RECORDS.
....................
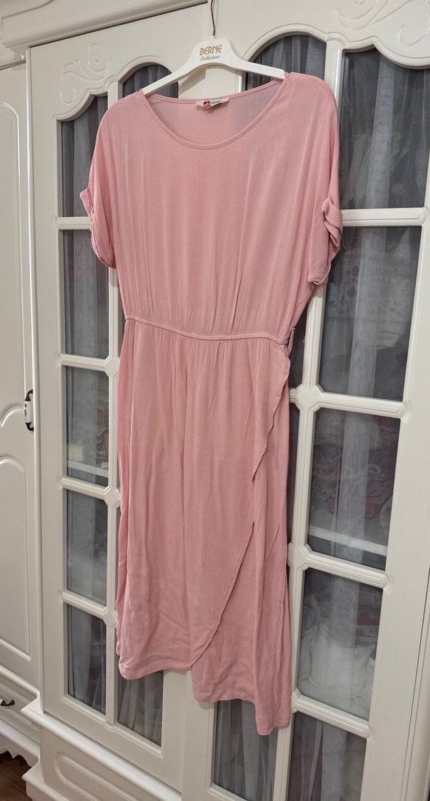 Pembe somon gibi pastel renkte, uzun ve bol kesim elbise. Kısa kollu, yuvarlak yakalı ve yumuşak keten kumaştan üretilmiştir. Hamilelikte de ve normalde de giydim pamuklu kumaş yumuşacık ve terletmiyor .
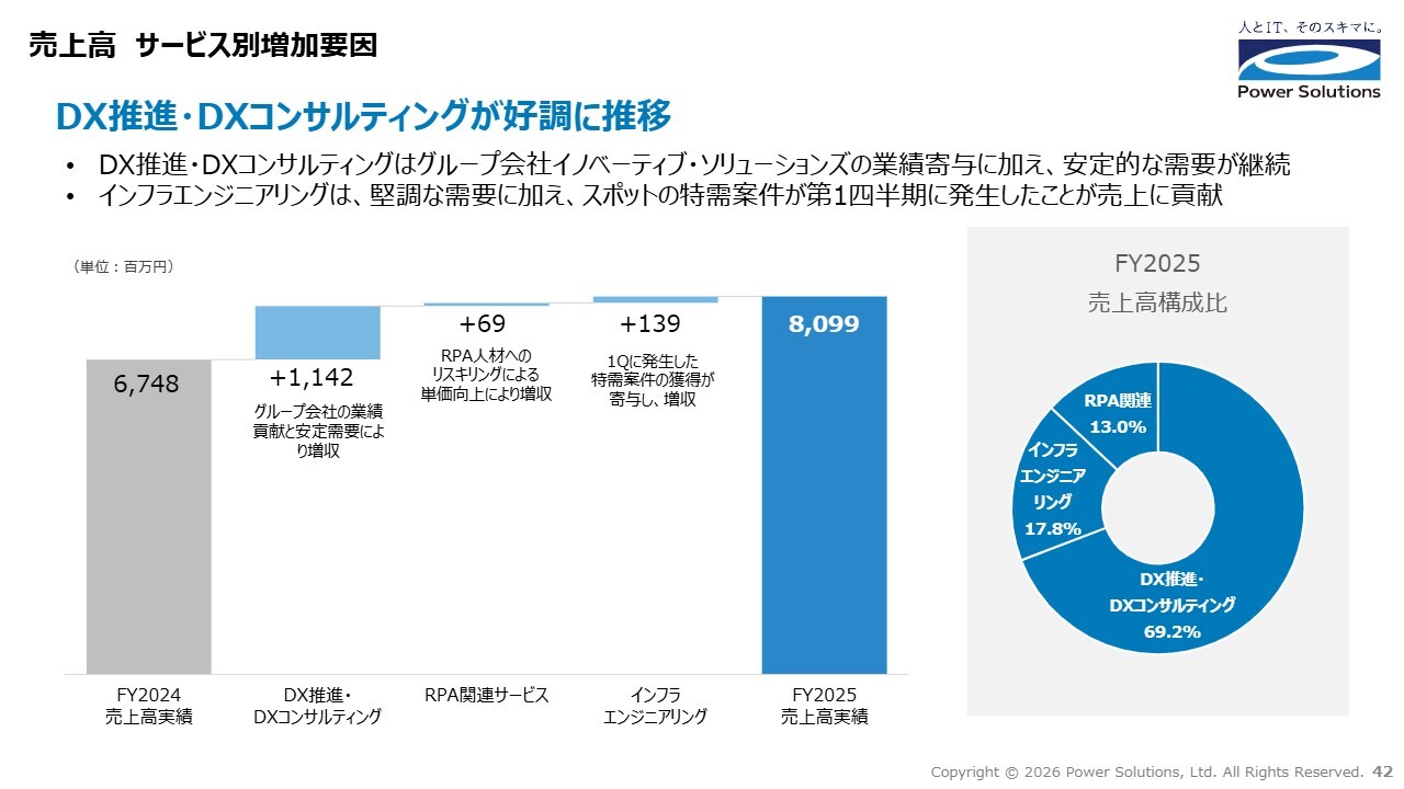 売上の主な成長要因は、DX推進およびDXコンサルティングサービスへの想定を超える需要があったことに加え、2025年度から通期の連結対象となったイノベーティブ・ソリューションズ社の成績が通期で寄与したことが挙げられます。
....................
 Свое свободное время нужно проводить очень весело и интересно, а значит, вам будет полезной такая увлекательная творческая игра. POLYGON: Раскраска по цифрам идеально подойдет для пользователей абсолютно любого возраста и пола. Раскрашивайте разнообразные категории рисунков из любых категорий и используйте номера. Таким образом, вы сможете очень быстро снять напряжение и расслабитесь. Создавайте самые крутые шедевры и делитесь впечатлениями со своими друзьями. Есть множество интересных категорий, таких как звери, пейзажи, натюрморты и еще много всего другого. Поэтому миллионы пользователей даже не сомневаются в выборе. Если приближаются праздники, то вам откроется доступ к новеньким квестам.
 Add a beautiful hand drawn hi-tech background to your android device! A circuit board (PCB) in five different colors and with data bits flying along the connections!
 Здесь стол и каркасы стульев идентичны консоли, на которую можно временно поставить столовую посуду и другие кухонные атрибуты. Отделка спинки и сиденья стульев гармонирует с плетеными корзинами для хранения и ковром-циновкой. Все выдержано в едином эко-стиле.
....................
WHAT YOU WILL DO. Copy out, exactly and alone, the lines of the entries above between the ones holding "Add a beautiful" and "Здесь стол и", inclusive.

RESULT.
 Add a beautiful hand drawn hi-tech background to your android device! A circuit board (PCB) in five different colors and with data bits flying along the connections!
 Здесь стол и каркасы стульев идентичны консоли, на которую можно временно поставить столовую посуду и другие кухонные атрибуты. Отделка спинки и сиденья стульев гармонирует с плетеными корзинами для хранения и ковром-циновкой. Все выдержано в едином эко-стиле.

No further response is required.